Listing 1 gives the assembler program for decoding the WiMAX LDPC code as given by the parity check matrix in Figure 2. The instruction 1. subm is used to reconfigure the ASIP to the corresponding sub-matrix size P. According to this instruction the shifting networks are adjusted. With 1. diag a complete sub-matrix is processed. The s (shift) and a (address) values determine the connection between variable nodes and check nodes: a=1 means that we process the variable nodes 24 to 47, s=1 means that these 24 values have to be cyclically shifted by one to establish the correct connection to the check nodes. Setting the first parameter of l.diag to 1 indicates that this is the last sub-matrix belonging to the check nodes that are being processed. After this instruction the check nodes start to output newly calculated messages. These messages are shifted into the original order and stored at the same address where they were read from.
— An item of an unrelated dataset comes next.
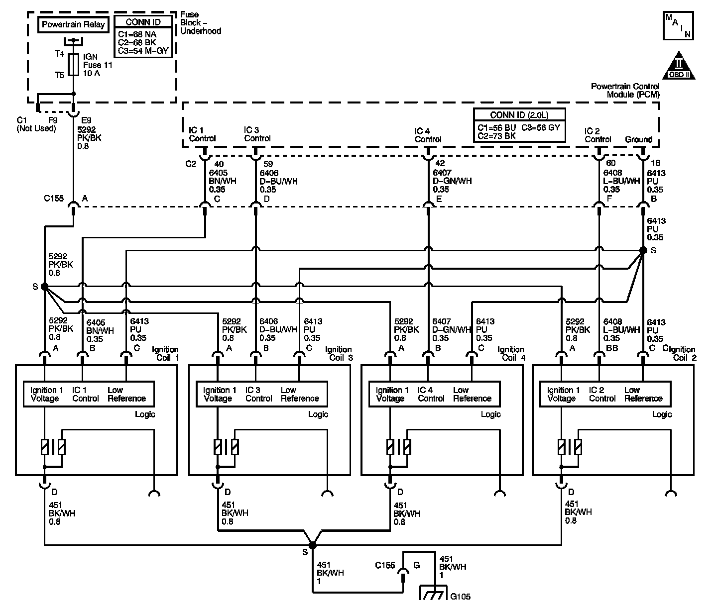 The PCM controls the individual coils by transmitting timing pulses on the IC circuit of each ignition coil/module to enable a spark event.
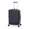 フロントオープン機能を搭載し、荷物の出し入れが素早く行えます。内部の荷物も前から取り出せるダイレクトファスナー仕様で、利便性がよりアップ。抜群の走行安定性・旋回性を誇る大径50mmダブルホイールキャスターが、凹凸のある路面で実力を発揮します。前輪部には簡単に操作可能なストッパー機能を搭載。電車内や坂道などで便利です。高純度ポリカーボネイト100%のボディは軽量かつ頑丈です。耐摩耗性に優れ、壊れにくいYKK社製ファスナーを採用しています。ボディ下部のボトムハンドルは、荷下ろしに便利です。■フロントオープン機能 中の物をサッと取り出したいときに便利なフロントオープン機能。17インチのノートパソコンを収納可能なスペースもあるので、移動中もすぐに端末を取り出すことが可能です。内部の荷物も前から取り出せるダイレクトファスナー仕様です。■50mm径ダブルホイールキャスター+前輪ストッパー 抜群の走行安定性・旋回性を誇る大径50mmダブルホイールキャスターは、凹凸のある路面で実力を発揮します。さらに前輪側には簡単に操作可能なストッパー機能を搭載。揺れる電車内や坂道で便利です。前輪側のキャスターに取り付けているため、本体を斜めに倒せば、ストッパー機能を解除することなく後輪で移動ができます。■ボディデザイン 高純度ポリカーボネイト100%のボディは、軽量かつ頑丈で発色も鮮やかです。■YKK社製ファスナー 優れた耐摩耗性、タフで壊れにくいYKK社製ファスナーを採用しています。■ボトムハンドル ボディ下部に取り付けられているボトムハンドルは、荷降ろしなどの際に便利です。■アイテムNo:ALI-8511-22■サイズ(cm) 外寸 H55.0 × W40.0 × 26.5 cm 総外寸 H62.0 × W43.0 × 26.5 cm■重さ:約3.7kg■容量:約55 L■旅行日数目安:5~7泊■フロントオープン機能 / 前輪ストッパー / 高純度ポリカーボネイト100% / YKK社製ファスナー / ボトムハンドル ※手荷物預け無料サイズです。

After processing all sub-matrices of the parity check matrix, the instruction l.pchk tests, whether all parity checks were satisfied. In this case, i.e., decoding was successful, the ASIP powers down till a new block is available for decoding. If the parity check fails and less than the given number of iterations were performed, a new iteration is started. Therefore, the program counter is set to the second instruction.
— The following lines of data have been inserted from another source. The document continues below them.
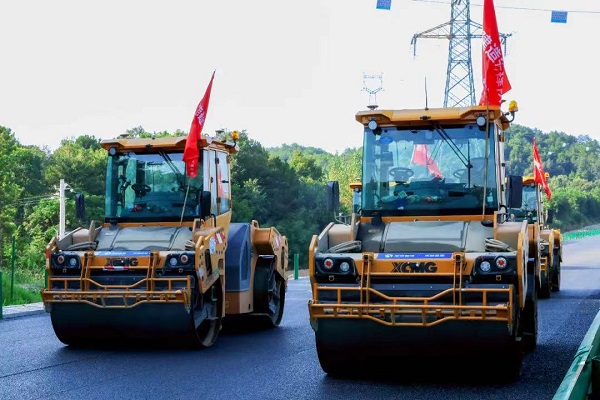 机器轰鸣,一条平整的沥青路面不断向前延伸……近日,在湖北交投集团投资建设的武红高速二期路面沥青摊铺现场,1台摊铺机、5台双钢轮压路机组成的无人智能化摊铺碾压机群正井然有序地施工。
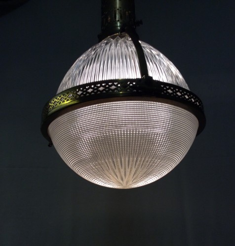 Old suspension lamp. Old suspension lamp made by Holophane. Marked « Holophane ». Height 70 cms. Diameter 36 cms. Add this object to your favorites Contact us for more details
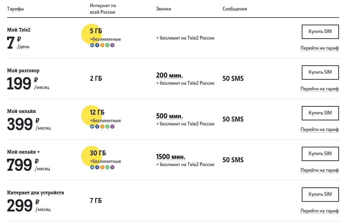 Оператор Tele2 предлагает достаточно щедрые тарифные планы. К примеру, в тариф «Мой онлайн» входит 12 ГБ интернет-трафика, 500 минут разговоров и 50 исходящих SMS-сообщений. Все это предоставляется за 399 рублей. У других сотовых операторов, в том числе «МТС», «МегаФон» и «Билайн», цены на такие услуги ощутимо выше, впрочем, многие находят разницу не слишком большой, поэтому такие люди не хотят переходить на альтернативного оператора.

| FlexiTreP RAMs     | # | depth | width | Usage in FlexiProESL |  |  |  |
|--------------------|---|-------|-------|----------------------|--|--|--|
| Program Memory     | 1 | 512   | 24    | Program memory       |  |  |  |
| Interleaver Table  | 1 | 6144  | 13    |                      |  |  |  |
| Channel Values     | 2 | 4096  | 12    | Message memory       |  |  |  |
| Apriori Values     | 4 | 2048  | 8     |                      |  |  |  |
| State Metrics (dp) | 2 | 128   | 96    | Channel values       |  |  |  |
| Hard Decisions     | 1 | 196   | 32    | A/S bypass           |  |  |  |
| TABLE III          |   |       |       |                      |  |  |  |

TYPICAL RAM CONFIGURATION USED IN FLEXITREP

Different block lengths, variable node and check node degrees can be easily realized with this instruction set. Furthermore, different sub-matrix sizes are supported due to a reconfigurable shifting network. So the ASIP provides a high flexibility and can decode the LDPC codes of WiMAX and WiFi standards.

# C. LDPC ASIP Pipeline

As mentioned before, the primary goal is to maximize the memory reuse between FlexiTreP and the LDPC functionality. We therefore derive the constraints for the LDPC ASIP pipeline from the given memory organization in FlexiTreP. Table III gives an overview of the memories used in a typical FlexiTreP configuration. The state metric memories are the only dual-ported (dp) ones. Furthermore, they offer the highest memory bandwidth. For LDPC decoding they are suitable for the channel memories, storing the APP values of the variable nodes as given by Equation 5. When using both instances of the memory in parallel (192 bits bandwidth) and a 7 bit quantization, up to P = 192/7 = 27 APP values can be read per clock cycle. Because of the depth of the memories, block lengths of up to N = 27 \* 128 = 3456 are supported, which is sufficient for the WiMAX and WiFi LDPC codes. Using a quantization of 5 bits for the messages that are exchanged between variable nodes and check nodes, the message memories need to offer a bandwidth of 5\*27 = 135bits. Since there is no other RAM in FlexiTreP that offers such a high bandwidth, memory partitioning becomes mandatory. We reorganized the channel RAMs such that the bandwidth requirements could be fulfilled.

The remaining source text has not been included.